- **Directions**: Except for images, print the whole listing verbatim.

- **Supplied data**:
....................

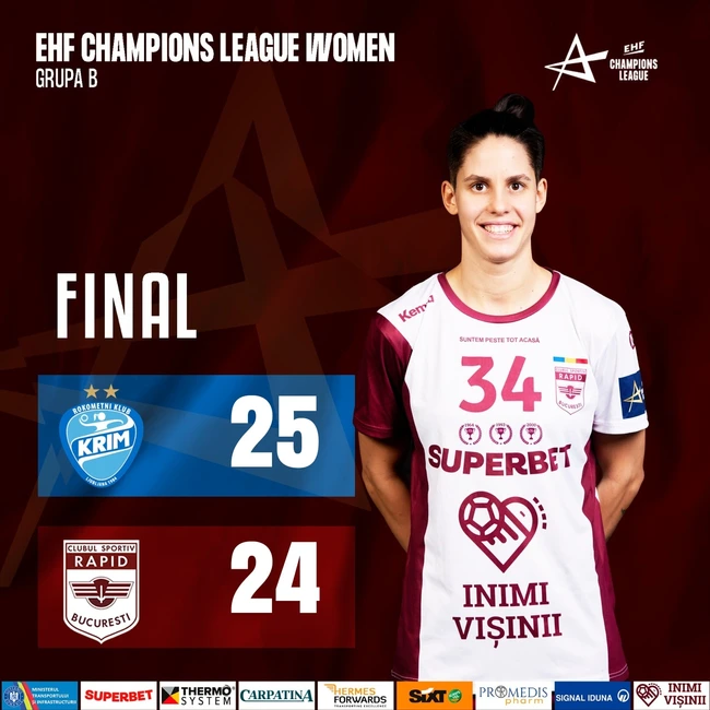 0Rapid a pierdut deplasarea cu Krim Ljubljana, din Liga Campionilor la handbal feminin, scor 24-25.
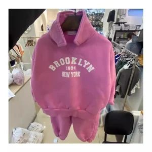 2023 Autumn Girls Loose Casual Suit Autumn Children’s Cute Full Tendon Waist Lazy Style Sweater Two-Piece Set
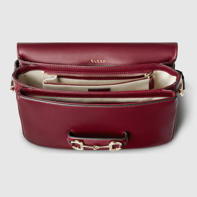 The Gucci Horsebit 1955 Soft continues to highlight its iconic double ring and bar hardware. This small shoulder bag style is crafted from Gucci Rosso Ancora red soft leather with natural shine.

....................

- **Written response**:
 0Rapid a pierdut deplasarea cu Krim Ljubljana, din Liga Campionilor la handbal feminin, scor 24-25.
 2023 Autumn Girls Loose Casual Suit Autumn Children’s Cute Full Tendon Waist Lazy Style Sweater Two-Piece Set
 The Gucci Horsebit 1955 Soft continues to highlight its iconic double ring and bar hardware. This small shoulder bag style is crafted from Gucci Rosso Ancora red soft leather with natural shine.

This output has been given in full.